With the line containing "Schließfachschrank Classic Plus, Sockel, 5" as the final line, restate exactly every line of the data below from the first one onward, and copy no pictures.

Records drawn from a dataset:

== == ==

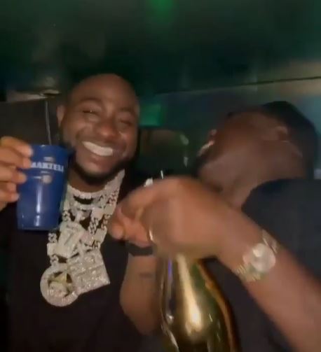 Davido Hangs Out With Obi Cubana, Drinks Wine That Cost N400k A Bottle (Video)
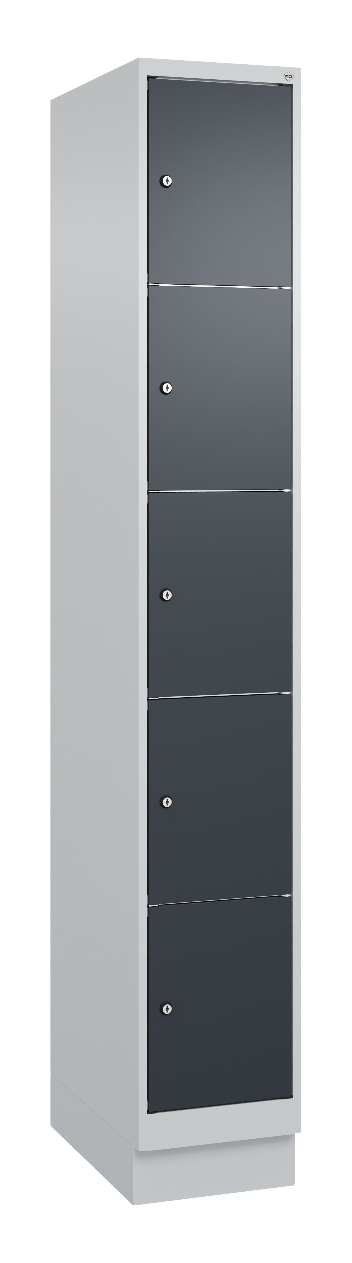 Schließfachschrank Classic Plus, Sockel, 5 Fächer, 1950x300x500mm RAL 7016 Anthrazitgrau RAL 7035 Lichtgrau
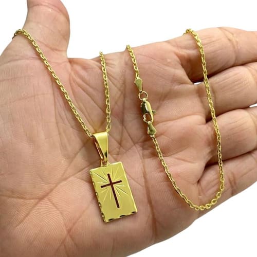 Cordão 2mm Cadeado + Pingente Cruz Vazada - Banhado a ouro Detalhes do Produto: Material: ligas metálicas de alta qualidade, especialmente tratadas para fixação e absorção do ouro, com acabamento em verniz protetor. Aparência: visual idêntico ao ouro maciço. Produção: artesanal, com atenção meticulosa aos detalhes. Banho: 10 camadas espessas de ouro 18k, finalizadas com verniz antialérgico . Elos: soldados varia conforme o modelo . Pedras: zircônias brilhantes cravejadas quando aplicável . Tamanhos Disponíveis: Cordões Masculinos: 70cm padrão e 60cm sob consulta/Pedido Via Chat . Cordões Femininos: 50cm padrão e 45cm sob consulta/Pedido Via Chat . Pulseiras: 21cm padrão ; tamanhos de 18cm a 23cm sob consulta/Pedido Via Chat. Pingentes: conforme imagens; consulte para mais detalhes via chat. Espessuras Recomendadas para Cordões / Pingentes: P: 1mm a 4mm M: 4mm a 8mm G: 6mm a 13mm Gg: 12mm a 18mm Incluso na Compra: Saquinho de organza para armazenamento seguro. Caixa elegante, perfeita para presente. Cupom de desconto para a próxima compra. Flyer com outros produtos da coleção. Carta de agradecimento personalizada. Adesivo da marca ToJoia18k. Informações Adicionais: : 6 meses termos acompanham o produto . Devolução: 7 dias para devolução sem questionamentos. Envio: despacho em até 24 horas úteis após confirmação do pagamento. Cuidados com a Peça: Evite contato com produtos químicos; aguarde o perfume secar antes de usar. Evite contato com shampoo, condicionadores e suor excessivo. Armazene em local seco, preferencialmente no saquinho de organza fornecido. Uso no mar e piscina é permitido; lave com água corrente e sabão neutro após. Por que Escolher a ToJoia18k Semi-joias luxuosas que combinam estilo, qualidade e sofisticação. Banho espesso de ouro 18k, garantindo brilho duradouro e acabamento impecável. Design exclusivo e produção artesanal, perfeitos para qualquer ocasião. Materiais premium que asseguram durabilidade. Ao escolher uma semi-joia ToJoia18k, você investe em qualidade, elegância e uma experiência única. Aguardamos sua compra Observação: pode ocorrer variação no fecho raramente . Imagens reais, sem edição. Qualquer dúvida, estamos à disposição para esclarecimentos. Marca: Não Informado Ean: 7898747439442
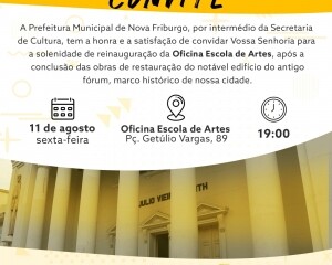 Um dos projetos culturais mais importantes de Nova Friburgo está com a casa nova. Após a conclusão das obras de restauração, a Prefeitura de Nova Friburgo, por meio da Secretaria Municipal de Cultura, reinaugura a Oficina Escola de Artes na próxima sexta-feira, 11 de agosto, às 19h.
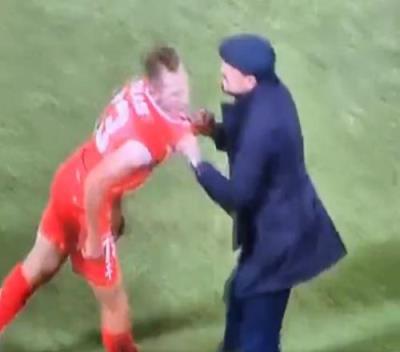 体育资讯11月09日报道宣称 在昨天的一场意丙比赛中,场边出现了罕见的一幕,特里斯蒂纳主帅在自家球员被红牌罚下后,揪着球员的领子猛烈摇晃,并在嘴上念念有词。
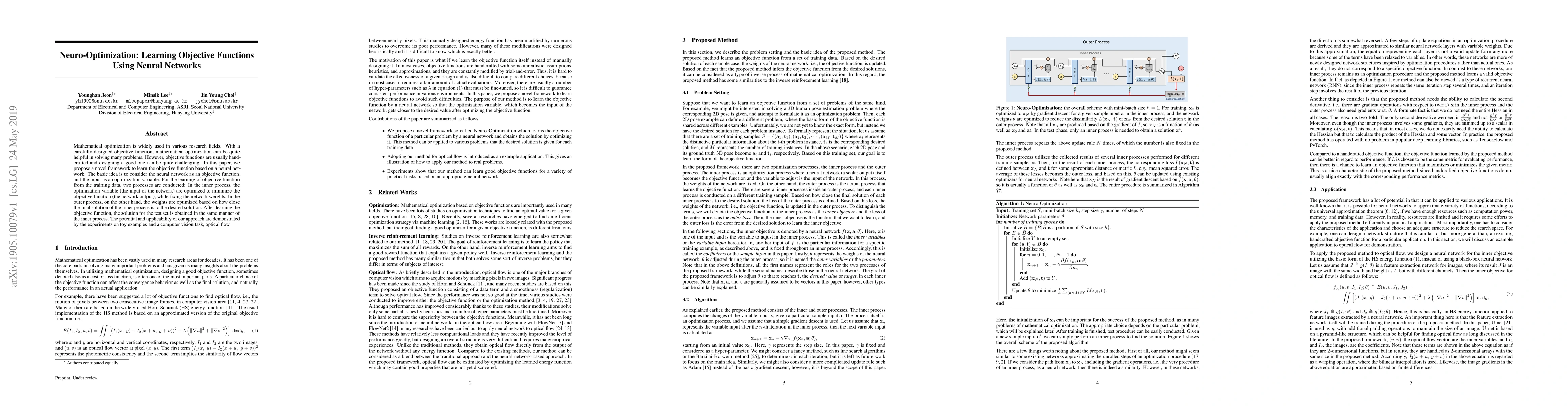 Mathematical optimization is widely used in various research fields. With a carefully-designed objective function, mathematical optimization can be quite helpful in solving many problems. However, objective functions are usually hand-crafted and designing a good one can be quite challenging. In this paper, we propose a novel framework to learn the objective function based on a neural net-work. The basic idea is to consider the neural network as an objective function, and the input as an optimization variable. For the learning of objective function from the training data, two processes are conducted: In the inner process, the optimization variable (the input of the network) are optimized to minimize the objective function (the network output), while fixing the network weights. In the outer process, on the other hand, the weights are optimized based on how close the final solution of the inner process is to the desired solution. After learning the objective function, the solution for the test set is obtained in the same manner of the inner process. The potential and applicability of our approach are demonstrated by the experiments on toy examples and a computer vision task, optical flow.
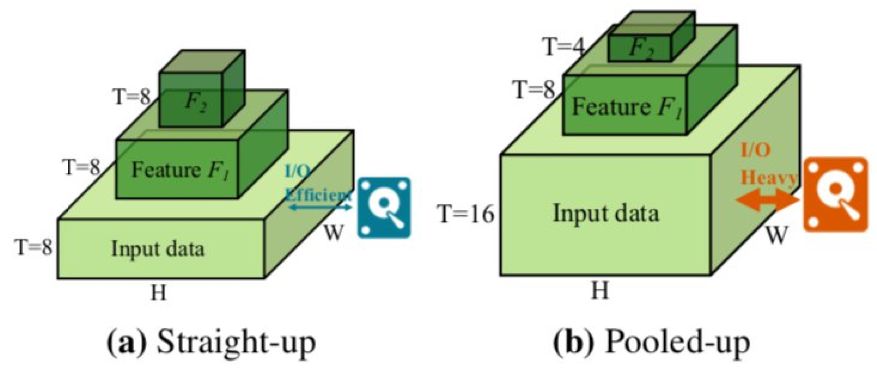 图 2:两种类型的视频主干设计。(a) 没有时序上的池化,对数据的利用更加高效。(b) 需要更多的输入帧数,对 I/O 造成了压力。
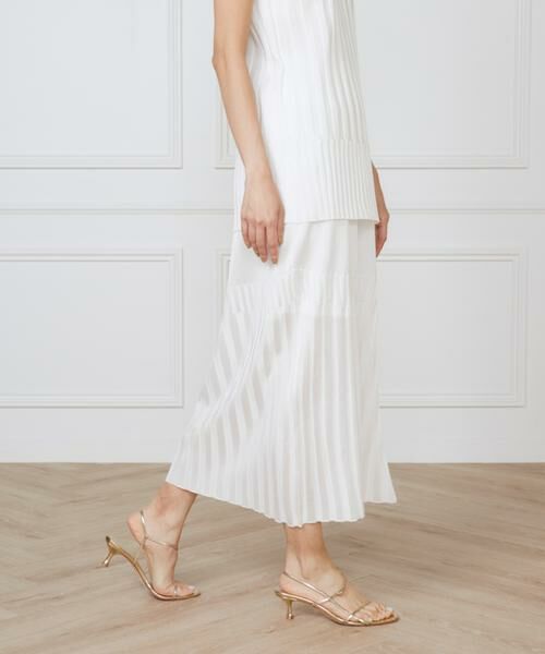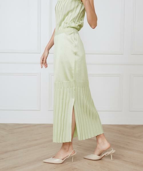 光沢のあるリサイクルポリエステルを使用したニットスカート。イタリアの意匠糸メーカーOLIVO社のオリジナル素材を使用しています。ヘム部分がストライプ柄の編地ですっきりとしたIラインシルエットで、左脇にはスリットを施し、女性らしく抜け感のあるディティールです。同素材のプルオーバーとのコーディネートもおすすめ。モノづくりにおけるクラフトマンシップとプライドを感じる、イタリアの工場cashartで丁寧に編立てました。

== == ==

▸ COMPLETED TASK:
 Davido Hangs Out With Obi Cubana, Drinks Wine That Cost N400k A Bottle (Video)
 Schließfachschrank Classic Plus, Sockel, 5 Fächer, 1950x300x500mm RAL 7016 Anthrazitgrau RAL 7035 Lichtgrau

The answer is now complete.